Records drawn from a dataset
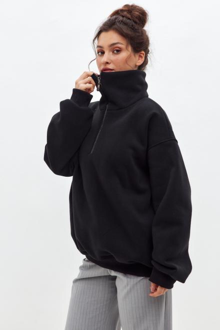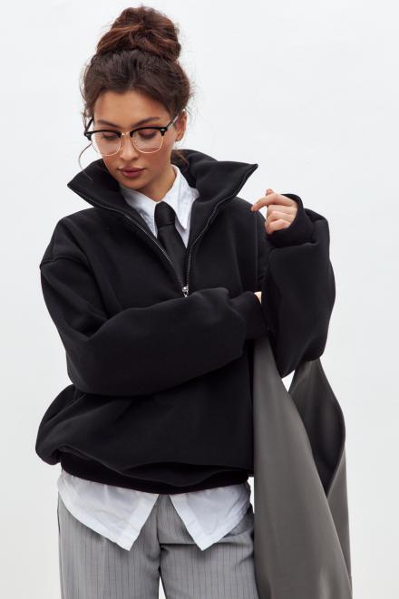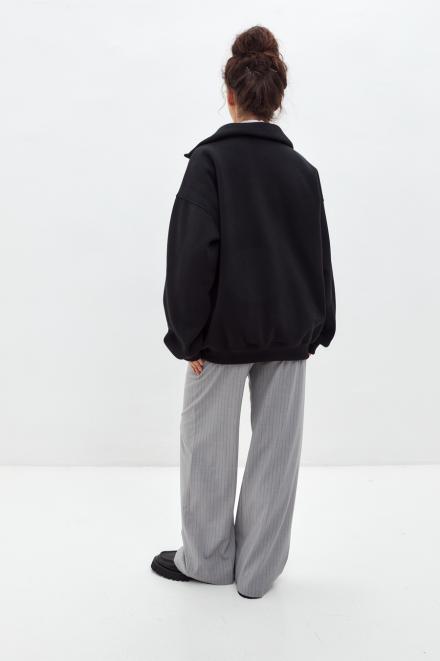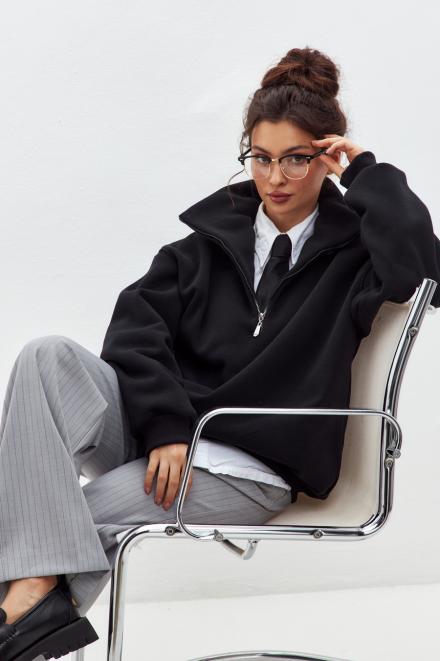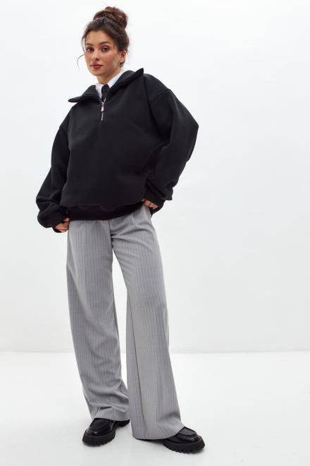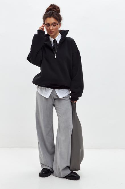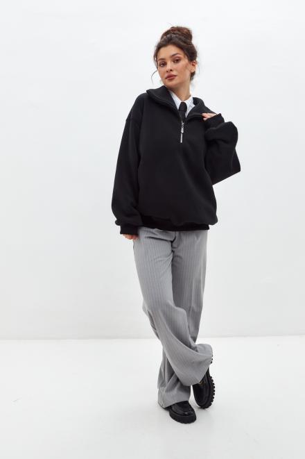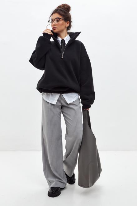 Брюки женские из футера трехнитка с начесом Сова черный макси
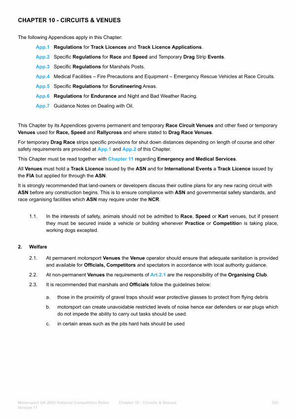 The following Appendices apply in this Chapter: App. 1 Regulations for Track Licences and Track Licence Applications. App. 2 Specific Regulations for Race and Speed and Temporary Drag Strip Events. App. 3 Specific Regulations for Marshals Posts. App. 4 Medical Facilities – Fire Precautions and Equipment – Emergency Rescue Vehicles at Race Circuits. App. 5 Specific Regulations for Scrutineering Areas. App. 6 Regulations for Endurance and Night and Bad Weather Racing. App. 7 Guidance Notes on Dealing with Oil.
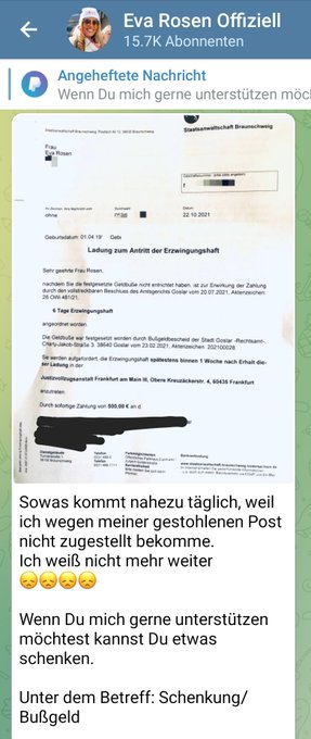 Und schon werden die nächsten 500 EUR gebraucht, sonst gibt es 6 Tage Knast.
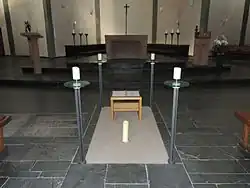 - ↑ Die Begräbniskirche. Unsere Kirche wird im Lauf des Jahres 2025 zu ersten Urnenbegräbniskirche Hessens umgestaltet. Sie bietet Platz für 2500 Urnen in ästhetischer, würdevoller Umgebung der denkmalgeschützten Kirche von Rudolf Schwarz. In: Webseite des Fachzentrums Trauerseelsorge. Bistum Limburg Bischöfliches Ordinariat, 2024, abgerufen am 16. April 2025 (deutsch).
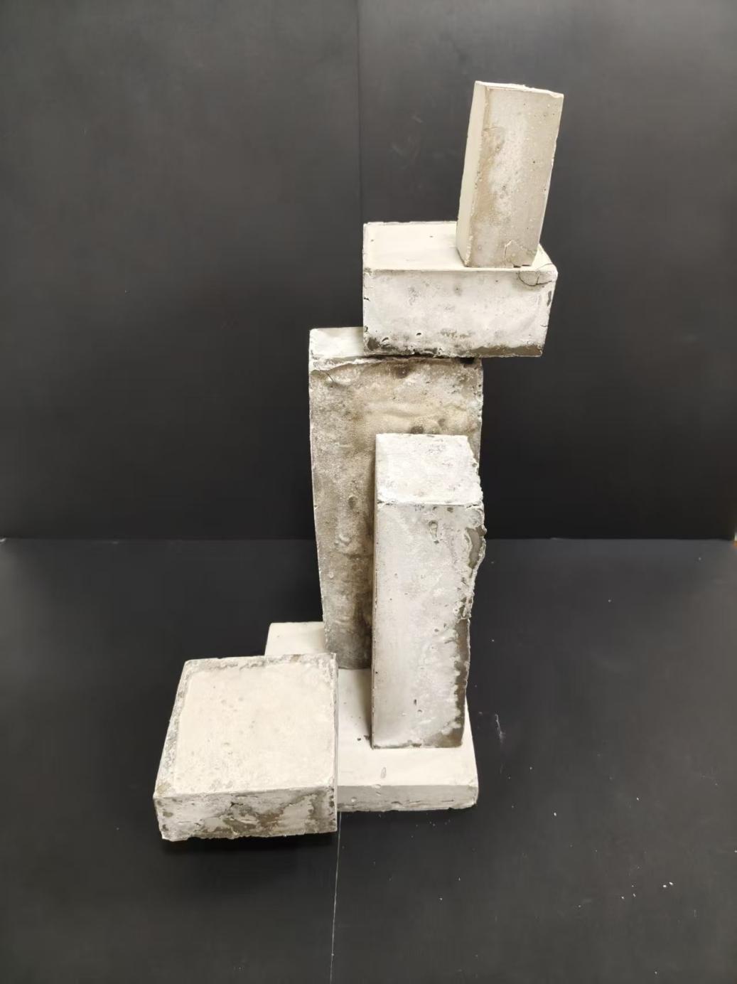 设计说明:本作品以混凝土块为核心材料,采用半立体构成的穿插、叠加、错落手法,将不同尺寸的几何块体进行组合。粗糙的混凝土肌理与硬朗的块面线条形成强烈对比,在视觉上营造出“平衡中带失衡”的张力。整体造型如微型建筑群落,通过块体的高低、前后关系塑造丰富的空间层次,传递出简约、沉稳且富有力量感的视觉语言,展现材料本身的质感与构成美学的秩序之美。

• WHAT YOU WILL DO: Print, exactly as written, the lines above from the first one to the one containing "Und schon werden". Leave out pictures.

• FINAL ANSWER:
 Брюки женские из футера трехнитка с начесом Сова черный макси
 The following Appendices apply in this Chapter: App. 1 Regulations for Track Licences and Track Licence Applications. App. 2 Specific Regulations for Race and Speed and Temporary Drag Strip Events. App. 3 Specific Regulations for Marshals Posts. App. 4 Medical Facilities – Fire Precautions and Equipment – Emergency Rescue Vehicles at Race Circuits. App. 5 Specific Regulations for Scrutineering Areas. App. 6 Regulations for Endurance and Night and Bad Weather Racing. App. 7 Guidance Notes on Dealing with Oil.
 Und schon werden die nächsten 500 EUR gebraucht, sonst gibt es 6 Tage Knast.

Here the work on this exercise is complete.